Para wali murid itu akhirnya membeberkan praktik pungli sudah berlangsung sekian lama di SMPN 4. Meski dibayangi rasa takut tekanan pihak sekolah, namun mereka memberanikan diri memprotesnya agar ijazah sang anak dapat diambil.
Salah satu wali murid berinisial T, menyebutkan adanya istilah uang donasi yang dibebankan kepada siswa yang masuk program Cerdas Istimewa dan Bakat Istimewa (CIBI). Di mana jumlahnya variatif, Rp1 juta, Rp5 juta, hingga Rp7 jutaan.
"Kita mau ngasih satu juta, kita takut anak kita enggak diterima. Saya waktu itu ngasih lima juta," kata dia didampingi wali murid lainnya, kepada wartawan di Pamulang, Tangsel, Kamis (3/10).
Menurutnya, setelah membayar uang donasi, rupanya masih banyak lagi pungutan-pungutan lain yang ditarik selama kegiatan belajar, misalnya saja uang kesejahteraan perbulan Rp300 ribu, uang perpustakaan Rp50 ribu perbulan, uang komputer Rp50 ribu perbulan, dan uang kas Rp5 ribu yang ditarik per minggu.
"Setelah masuk, ternyata banyak lagi pungutan-pungutan itu. Jadi dalihnya pakai nama komite sekolah, padahal kita nggak diajak pembahasannya, tiba-tiba ada kesepakatan seperti itu aja," jelasnya.
Mulanya para wali murid satu sama lain tak terlalu mempersoalkan pungli di lingkungan sekolah.

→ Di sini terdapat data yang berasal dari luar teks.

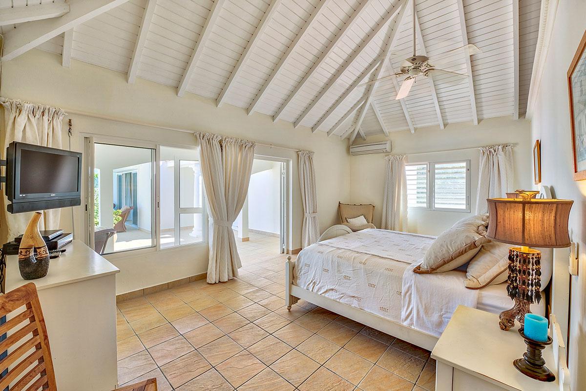 - Bedroom 1: King bed, private bathroom with shower, AC, ceiling fan, TV

Namun situasi berubah, manakala kelulusan mereka mendapati jika anak-anaknya diharuskan membayar lunas semua setoran Pungli tersebut.

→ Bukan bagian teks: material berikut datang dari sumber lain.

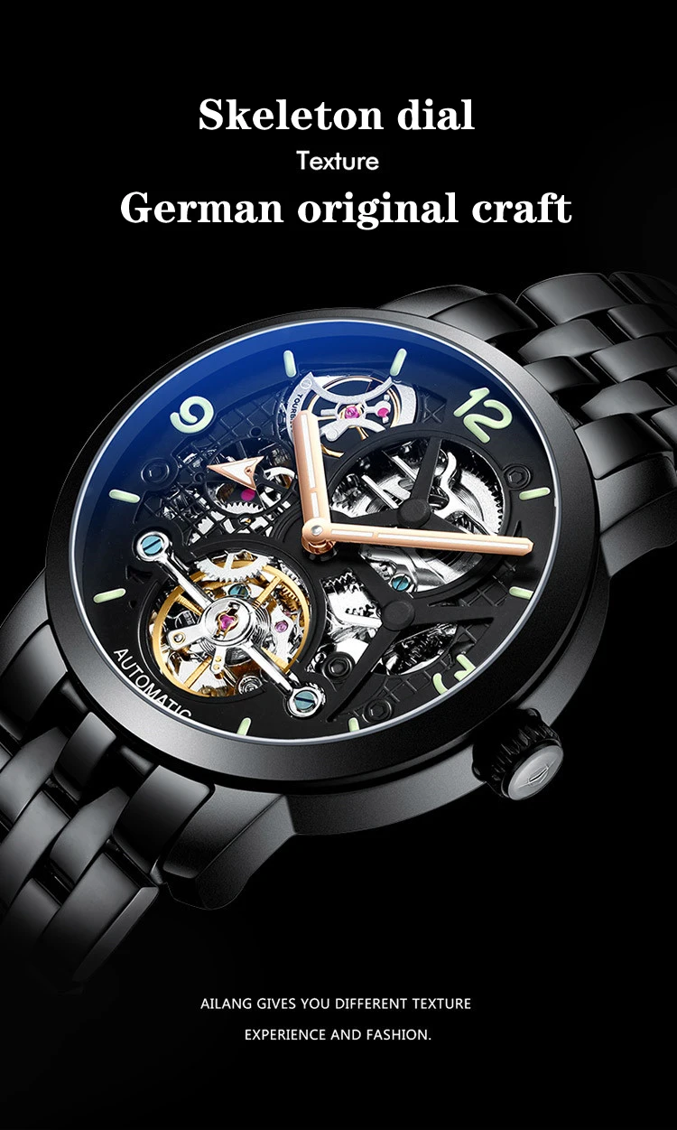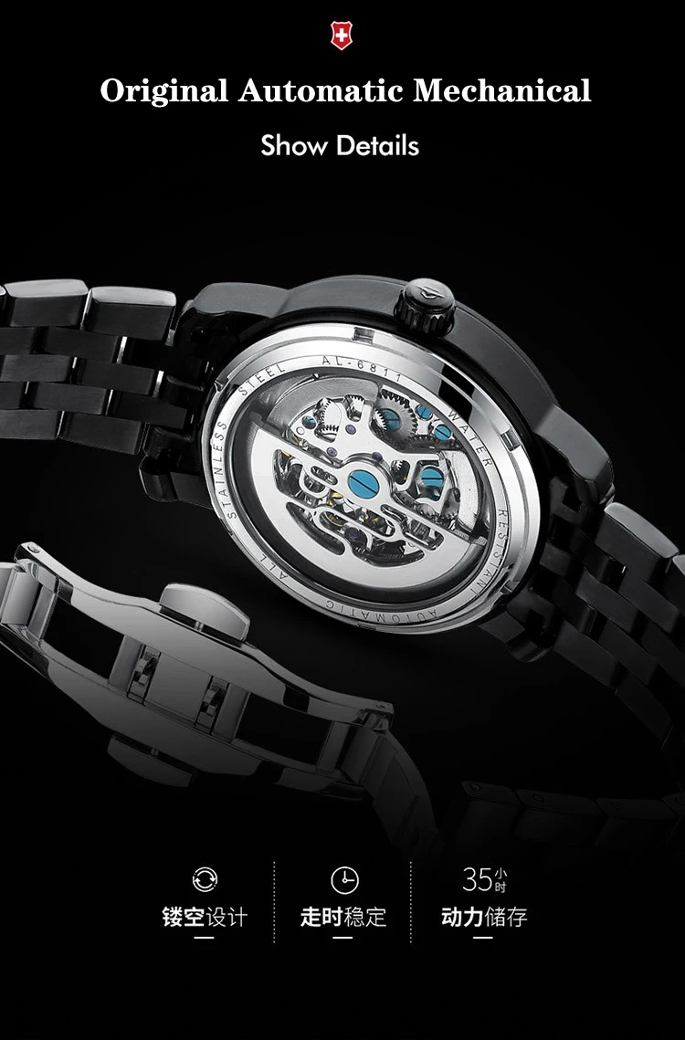 AILANG Mes деловые механические Автоматические двусторонние механические часы Luminousl из нержавеющей стали водонепроницаемый ремешок 6811A

"Jadi kan bayarnya bulanan, ada yang bolong-bolong juga bayarnya. Karena kan dicatat dalam kartu iuran, jadi yang bolong-bolong itu harus dilunasi saat mau ambil ijazah," sambungnya.

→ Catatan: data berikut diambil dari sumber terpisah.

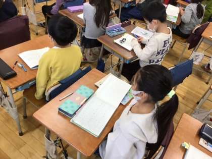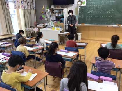 算数の時間です。「水のかさくらべ」水のかさをくらべるときに、どんな方法があるのかを考えています。

Menurut wali murid, mereka sempat menyatakan keberatan kepada pihak sekolah untuk membayar lunas seluruh uang donasi. Keberatan itu tertuang dalam surat pernyataan bersama yang diparaf pada April 2019 lalu. Meski begitu, mereka menggantinya dengan pemberian uang sukarela sebesar Rp500 ribu tiap siswa.
"Waktu itu diserahin Rp9 juta ke sekolah, dari sejumlah wali murid," ujarnya.